Schedule of cluster changes

Aug 28: John's email "Can't ssh rc08"

Aug 24: unplugged 1/3rd of memory

Aug 17: SSDs arrived and installed

Aug 4: new servers installed and running recoveries with magnetic disks

Nov 30th:

Compared BIOS settings of various commonly failing machines (rc10, 16, 20) to some of the rc41+ machines to little effect. Nothing too interesting, though there do seem to be a number of cmos checksum errors logged for the ones that fail. This isn't consistent across failing nodes, nor have I looked widely enough to see if they don't occur in good machines. Otherwise settings are pretty close across machines.
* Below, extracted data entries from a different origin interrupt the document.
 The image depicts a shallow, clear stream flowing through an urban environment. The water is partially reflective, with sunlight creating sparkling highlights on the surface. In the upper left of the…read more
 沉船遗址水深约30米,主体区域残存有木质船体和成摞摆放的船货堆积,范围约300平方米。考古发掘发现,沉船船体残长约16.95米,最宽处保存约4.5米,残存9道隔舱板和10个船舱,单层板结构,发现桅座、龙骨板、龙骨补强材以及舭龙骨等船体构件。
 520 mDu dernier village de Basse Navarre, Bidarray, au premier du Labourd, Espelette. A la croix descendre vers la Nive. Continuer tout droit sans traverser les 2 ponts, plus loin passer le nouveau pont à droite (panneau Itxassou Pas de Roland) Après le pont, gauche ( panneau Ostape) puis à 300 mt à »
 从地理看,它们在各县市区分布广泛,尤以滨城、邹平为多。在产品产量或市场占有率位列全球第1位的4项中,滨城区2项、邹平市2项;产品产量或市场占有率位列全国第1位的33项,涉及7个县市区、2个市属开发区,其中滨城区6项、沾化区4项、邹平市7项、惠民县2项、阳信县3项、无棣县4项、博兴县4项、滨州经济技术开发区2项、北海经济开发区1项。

A few are set to IDE, rather than AHCI, but that doesn't appear to explain anything (some ide nodes failed a lot, but then so have many AHCI ones).

Nov 11th:

Histrogram of failures as of Nov 11th:

rc01: **
rc02: **
rc03: ****
rc04: *****
rc05: ***
rc06: **
rc07: ***
rc08: ****
rc09: 
rc10: *********
rc11: *****
rc12: ***
rc13: ***
rc14: *
rc15: 
rc16: *********
rc17: 
rc18: ****
rc19: ****
rc20: ********
rc21: **
rc22: 
rc23: 
rc24: *
rc25: *
rc26: *
rc27: 
rc28: 
rc29: 
rc30: 
rc31: 
rc32: 
rc33: ***
rc34: 
rc35: *
rc36: ***
rc37: 
rc38: *
rc39: 
rc40:

There were 53 failures on even nodes, 31 on odd nodes.
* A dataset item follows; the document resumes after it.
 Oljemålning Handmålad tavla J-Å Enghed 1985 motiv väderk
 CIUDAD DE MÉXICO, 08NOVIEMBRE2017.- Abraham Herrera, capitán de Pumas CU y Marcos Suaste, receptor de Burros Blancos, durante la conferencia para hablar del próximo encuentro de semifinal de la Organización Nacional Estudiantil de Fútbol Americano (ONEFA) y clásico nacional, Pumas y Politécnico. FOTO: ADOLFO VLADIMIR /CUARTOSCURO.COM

"System Temp" as reported by ipmi (rc01 first, rc40 last):

System Temp | 29 degrees C | ok
System Temp | 28 degrees C | ok
System Temp | 27 degrees C | ok
System Temp | 28 degrees C | ok
System Temp | 27 degrees C | ok
System Temp | 28 degrees C | ok
System Temp | 28 degrees C | ok
System Temp | 27 degrees C | ok
System Temp | 28 degrees C | ok
System Temp | 28 degrees C | ok
System Temp | 27 degrees C | ok
System Temp | 28 degrees C | ok
System Temp | 27 degrees C | ok
System Temp | 27 degrees C | ok
System Temp | 26 degrees C | ok
System Temp | 27 degrees C | ok
System Temp | 26 degrees C | ok
System Temp | 26 degrees C | ok
System Temp | 25 degrees C | ok
System Temp | 25 degrees C | ok
System Temp | 25 degrees C | ok
System Temp | 26 degrees C | ok
System Temp | 22 degrees C | ok
System Temp | 25 degrees C | ok
System Temp | 22 degrees C | ok
System Temp | 24 degrees C | ok
System Temp | 23 degrees C | ok
System Temp | 24 degrees C | ok
System Temp | 23 degrees C | ok
System Temp | 23 degrees C | ok
System Temp | 22 degrees C | ok
System Temp | 23 degrees C | ok
System Temp | 21 degrees C | ok
System Temp | 23 degrees C | ok
System Temp | 20 degrees C | ok
System Temp | 23 degrees C | ok
System Temp | 20 degrees C | ok
System Temp | 21 degrees C | ok
System Temp | 20 degrees C | ok

Nov 7th: Trying to see if OFED stack is causing the problem by removing it on rc01-rc20. Why the lower 20 are overrepresented compared to the upper 20 I don't know.